Justizminister Maas erhält Morddrohungen

Bundesjustizminister Heiko Maas (SPD) will sich von Hassattacken aus der rechten Szene in seiner Arbeit nicht beeinflussen lassen. «Vieles, was da kommt, ist einfach so ekelhaft, das kann ich persönlich gar nicht ernst nehmen. Es berührt mich nicht mehr», sagte Maas der «Bild am Sonntag».

Justizminister Maas erhält Morddrohungen
Bernd von Jutrczenka Justizminister Maas erhält Morddrohungen

In seinen 20 Jahren in der Politik habe er noch nie «so viel Rohheit wie heute» erlebt: «Das, was geschrieben und geschickt wird, ist unterirdisch und voller Hass.»

Der Justizminister erhält nach eigener Aussage «Morddrohungen mit Ort, Datum, Uhrzeit». Einige Attacken gingen über Zuschriften hinaus: «Jemand hat eine Neun-Millimeter-Patrone in den Briefkasten meiner Privatwohnung geworfen.»

Die Angreifer kommen laut Maas aus der rechten Szene: «Vor allem Pegida, AfD, NPD und was es sonst noch in der rechten Ecke gibt. Das ist der Teil der Gesellschaft, der sich auch sonst in Fremdenfeindlichkeit und Rassismus ergießt.» Die AfD hält Maas dabei nicht für eine Gefahr für Deutschland. «Unsere Demokratie ist stark genug, um auch Rechtspopulisten auszuhalten.»

Auch Grünen-Chef Cem Özdemir tauscht sich einem Medienbericht zufolge mit den zuständigen Behörden über Sicherheitsmaßnahmen aus. Özdemirs Büroleiter Marc Berthold sagte der «Welt am Sonntag», man sei «mit dem BKA in Abstimmung». Er fügte an: «Schmähungen und Beleidigungen sind wir durchaus gewohnt, aber so eine hohe Zahl von Todesdrohungen haben wir noch nie erlebt.»
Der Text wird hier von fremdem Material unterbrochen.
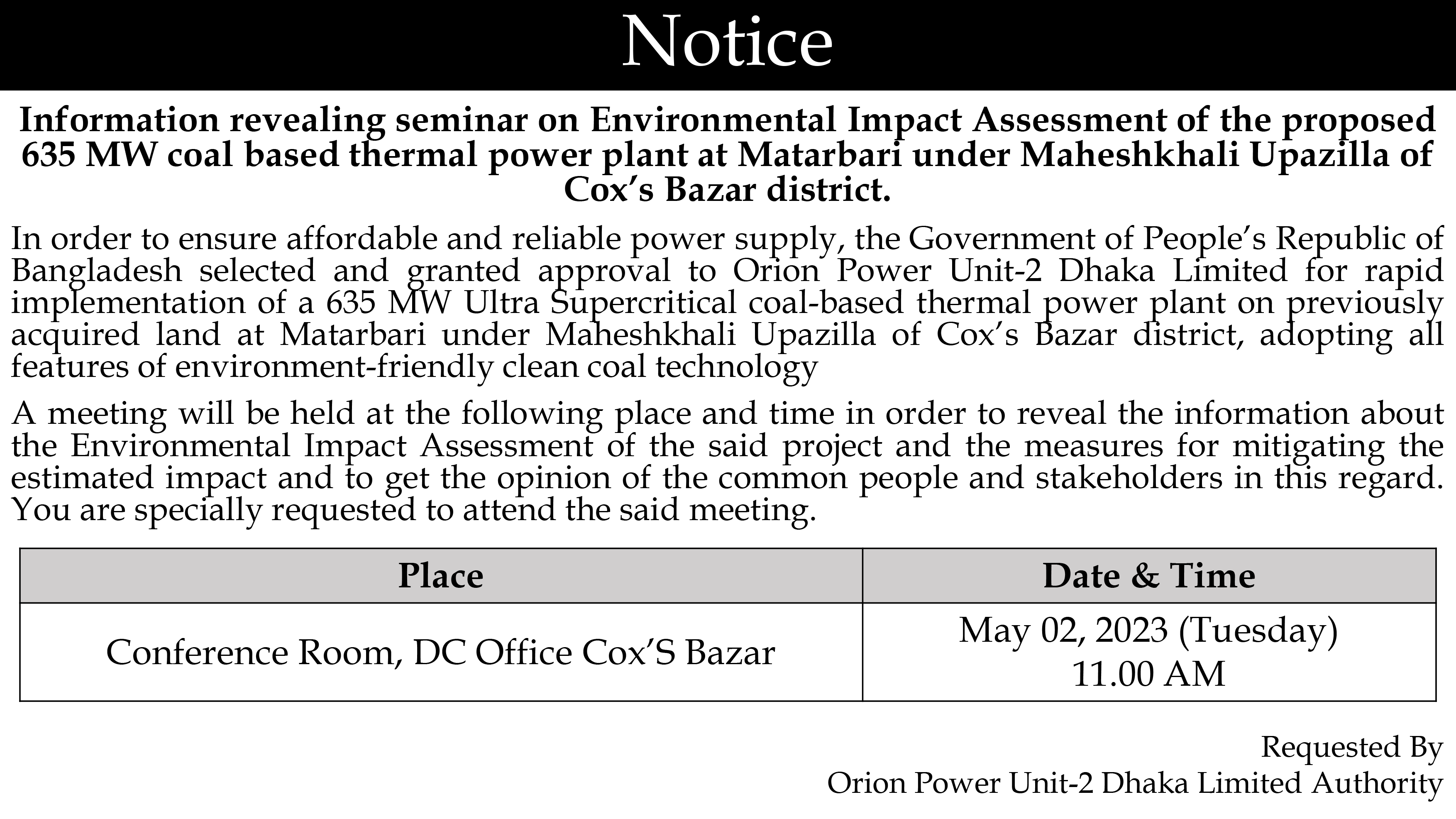 Seminar to be held on Environmental Impact Assessment of proposed 635MW thermal power plant in Matarbari
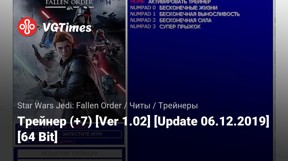 • Star Wars Jedi: Fallen Order — Трейнер (+7) [Ver 1.02] [Update 06.12.2019] [64 Bit]

Der «Welt am Sonntag» zufolge hat die Berliner Polizei seit Donnerstag ihre Präsenz in der Umgebung von Özdemirs Wohnung erhöht. «Es gibt leider auch eine türkische Pegida», sagte der Politiker der Zeitung zur Notwendigkeit der Schutzmaßnahmen. «Rechtsradikalismus ist kein deutsches Privileg. Das gibt es leider auch in der Türkei und unter Deutschtürken.»

Özdemir, der türkische Vorfahren hat, hatte sich wiederholt kritisch zum Kurs der Türkei unter Präsident Recep Tayyip Erdogan geäußert. Er war einer der Initiatoren der am Donnerstag vom Bundestag beschlossenen Resolution, in der die Massentötung und Deportationen von Armeniern im Osmanischen Reich 1915 als Völkermord eingestuft werden. Die Türkei bedauert das, lehnt die Einstufung als Völkermord aber strikt ab. Der Resolutionsbeschluss wurde in dem Land heftig kritisiert.